Oppenheimer described an exciting age of technological development laced with words of caution. “We have seen many improvements, but we have also lived through profound moral retrogression,” he warned. “We must remember the two sides, science as it is for the pursuit of truth, to understand nature, to understand ourselves as a part of nature, and science as a source of technology and power to alter the world, to meet human needs, real or artificial.”

In another lecture, he said: “The legend of the Tree of Knowledge, of Adam, and the legend of Prometheus—they both attest to the danger of going beyond the familiar compass of human life.” 
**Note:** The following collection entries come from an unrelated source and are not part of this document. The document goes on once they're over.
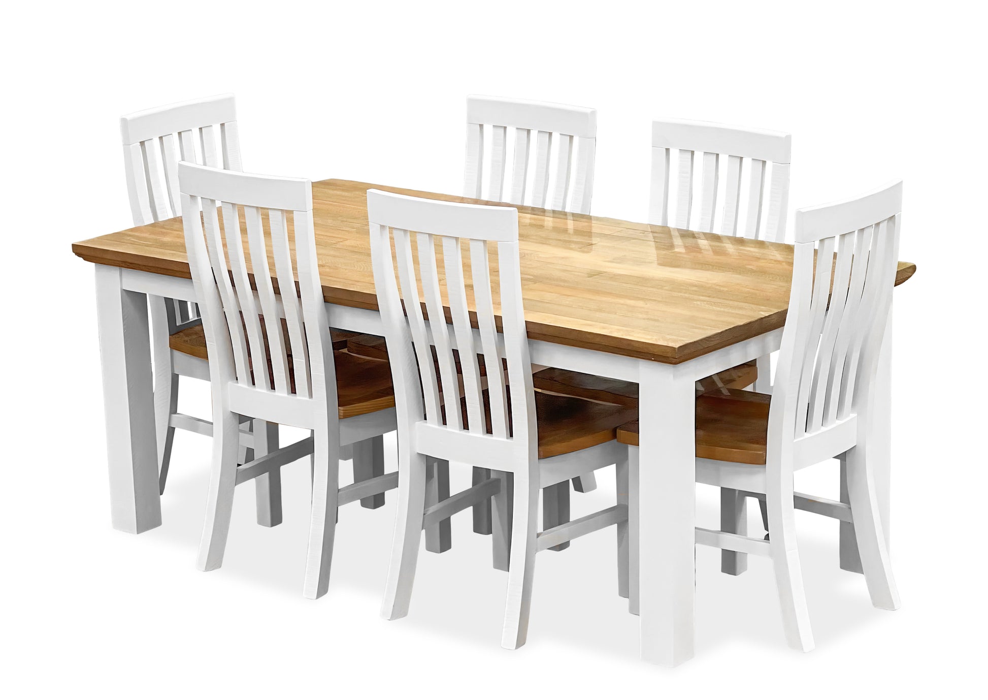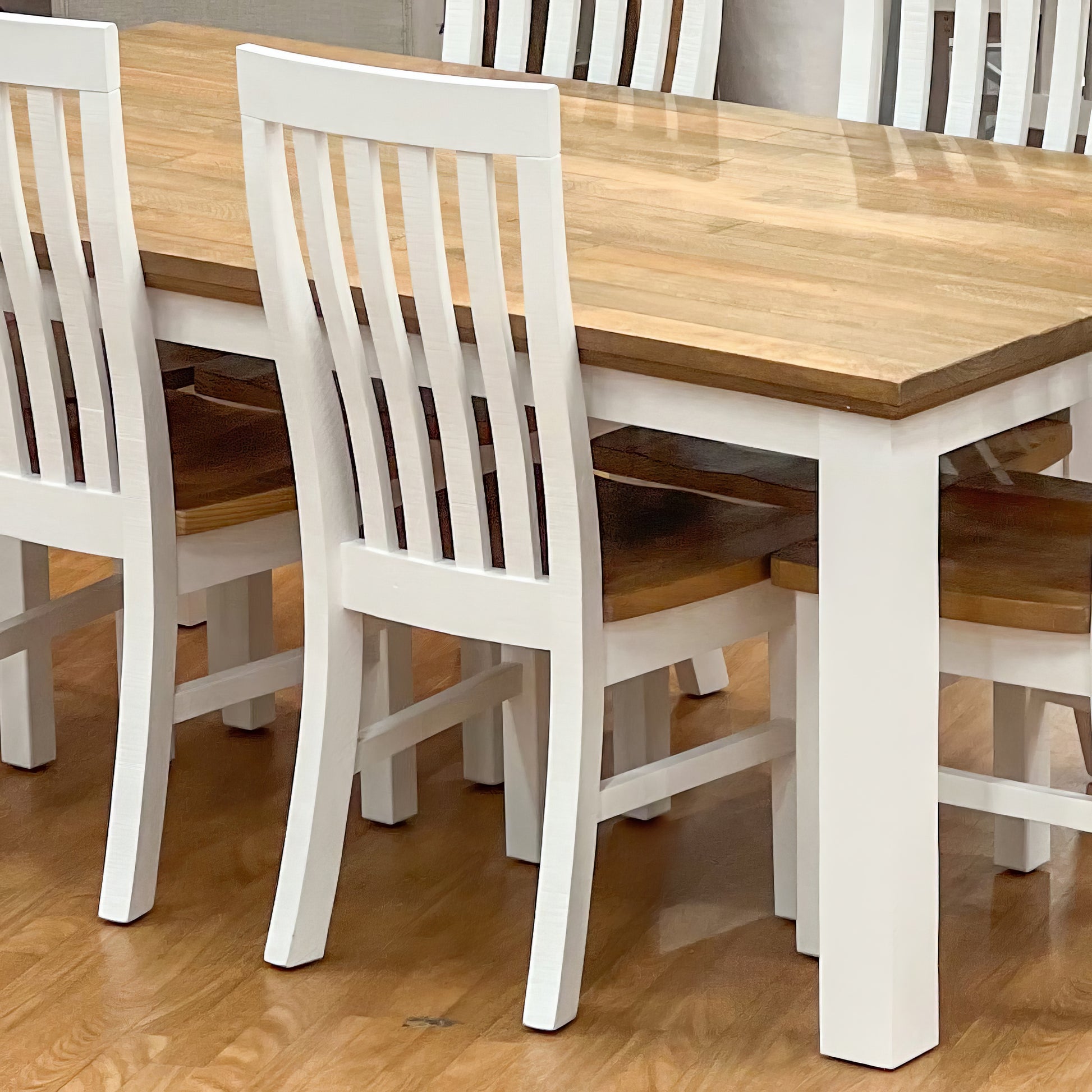 The Seaview Range is a fusion of coastal elegance and rustic charm. The rough-sawn finish seamlessly marries sophistication with a touch of casual comfort. Each piece in this collection boasts a white exterior, creating a crisp and airy ambiance reminiscent of the classic Hamptons aesthetic. The contrasting tops add warmth and character, providing a perfect balance to the overall design.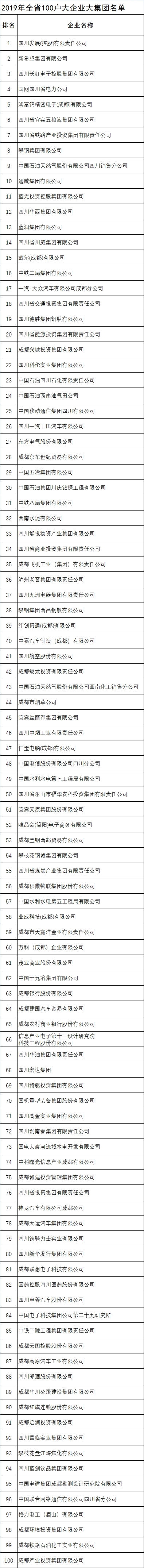 四川在线消息(记者 朱雪黎)近日,省经济和信息化厅通报2019年四川企业百强榜单,营业收入过百亿元企业达68家。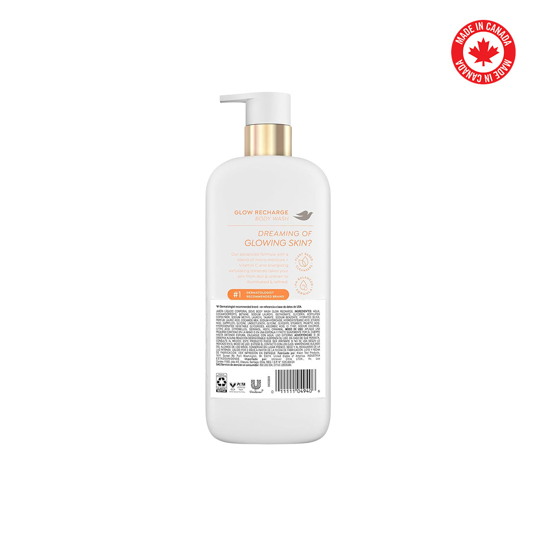 Experience radiant skin with Dove Glow Recharge Body Wash, a clinically-developed formula featuring 3% brightening serum combined with exfoliating minerals & Vitamin C to restore luminosity & even skin tone. The innovative gel transforms into a sumptuous lather enriched with tropical & berry aromatics for an elevated shower experience. Powered by plant-derived gentle cleansers & formulated without sulfates or parabens, it cleanses effectively while maintaining skin's natural barrier. Certified vegan by PETA, this thoughtfully-crafted body wash represents the intersection of advanced skincare efficacy & ethical beauty standards.
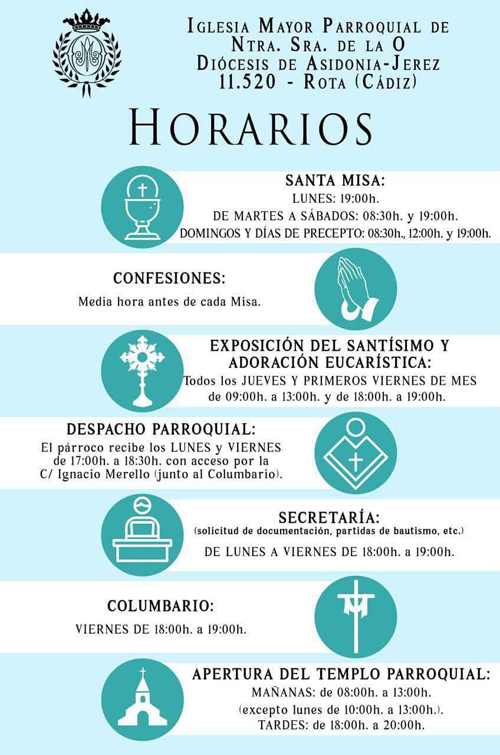 ROTA COFRADE.- La Parroquia de Ntra. Sra. de la O, ha informado de los nuevos horarios en el templo roteño.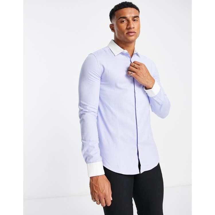 ASOS DESIGN stretch slim fit work shirt in lilac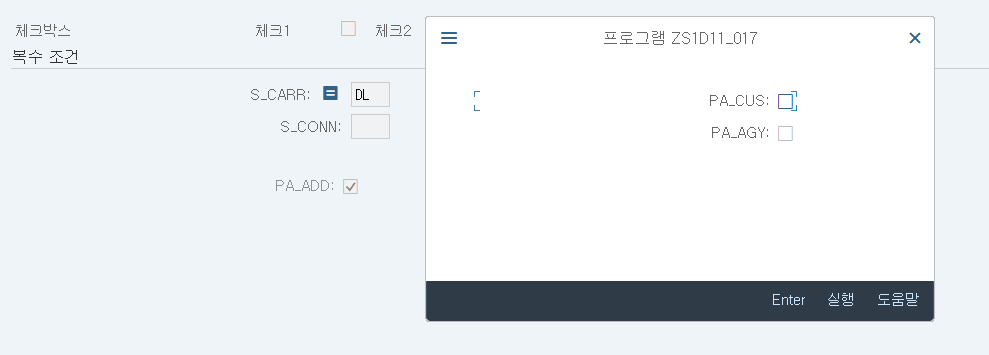먼저 파라미터와 셀렉트 옵션은 실행가능 프로그램에서만 사용이 가능하다. 모듈풀에선 사용이 불가능하다.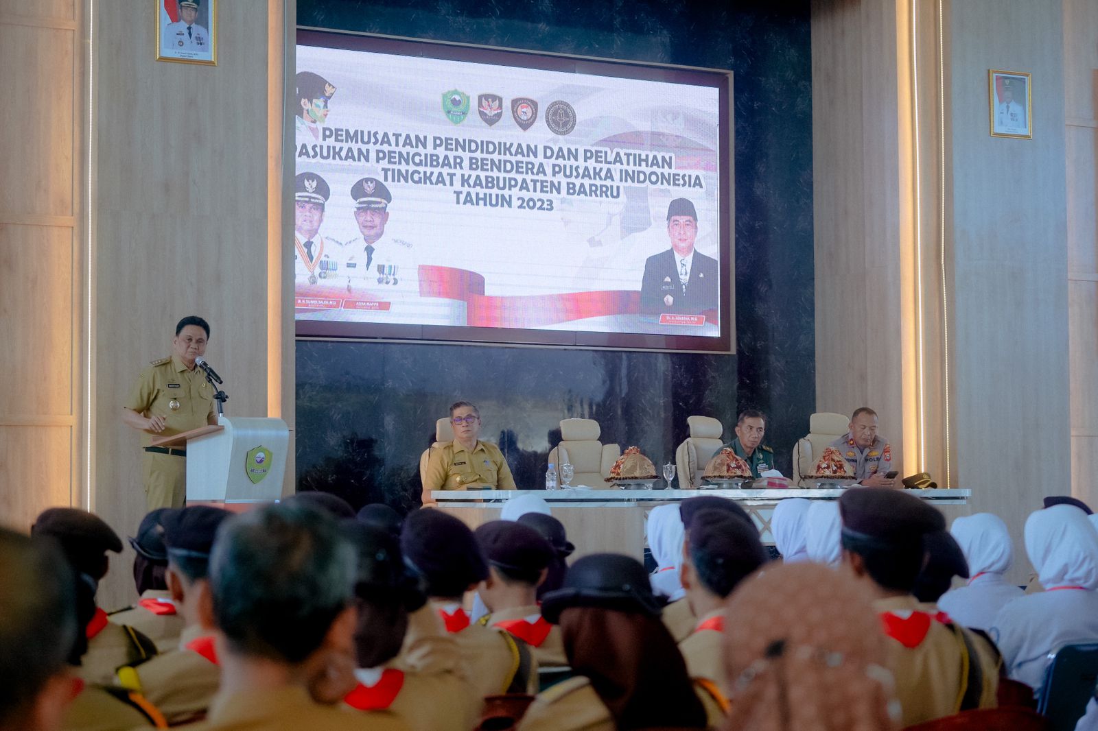 infoindonesiainews.com | BARRU – Bupati Barru Ir. H. Suardi Saleh, M.Si, menerima dan membuka secara langsung Pendidikan dan Pelatihan Pasukan Pengibar Bendera Pusaka (Paskibraka) Kabupaten Barru berlangsung di Tower MPP. Pada hari Senin, 31 Juli 2023 yang diikuti siswa/siswi terpilih dari tingkat SMA sederajat se-kabupaten Barru.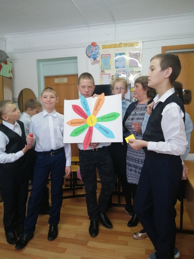 На столе лежат лепестки из цветной бумаги, которые мы с вами приготовили. На лепестках написаны основные правила дружбы. Вспомните, что мы говорили о друге, каким должен быть друг? Выразите своё мнение: каким другом вам хотелось бы быть? Прочитаем и выберем важные качества, которыми должен обладать хороший друг. Выберите соответствующий лепесток и прикрепите его на ватман, и посмотрим какой «ЦВЕТОК ДРУЖБЫ» у нас получились.

Toward the end of his trip, Oppenheimer visited with the Society of Science and Man, a group of Japanese scholars and professors. In talking to this group, Oppenheimer strayed from statements of impending doom and instead focused on how to promote collaboration among scientists and politicians. Scientists, he posited, had a duty to serve as advisors to guide politicians and ensure technology wasn’t misused. 

“Since the federal government, for good and bad reasons, is supporting science, they must have contact with scientists,” Oppenheimer said. “In recent years [...] it has been possible to create for the president an advisory committee which does not hesitate to talk about major questions [...] it can talk to the president about what it wants.” The advisory committee Oppenheimer was likely referring to was the General Advisory Committee of the Atomic Energy Commission, which he chaired from 1947 to 1952. 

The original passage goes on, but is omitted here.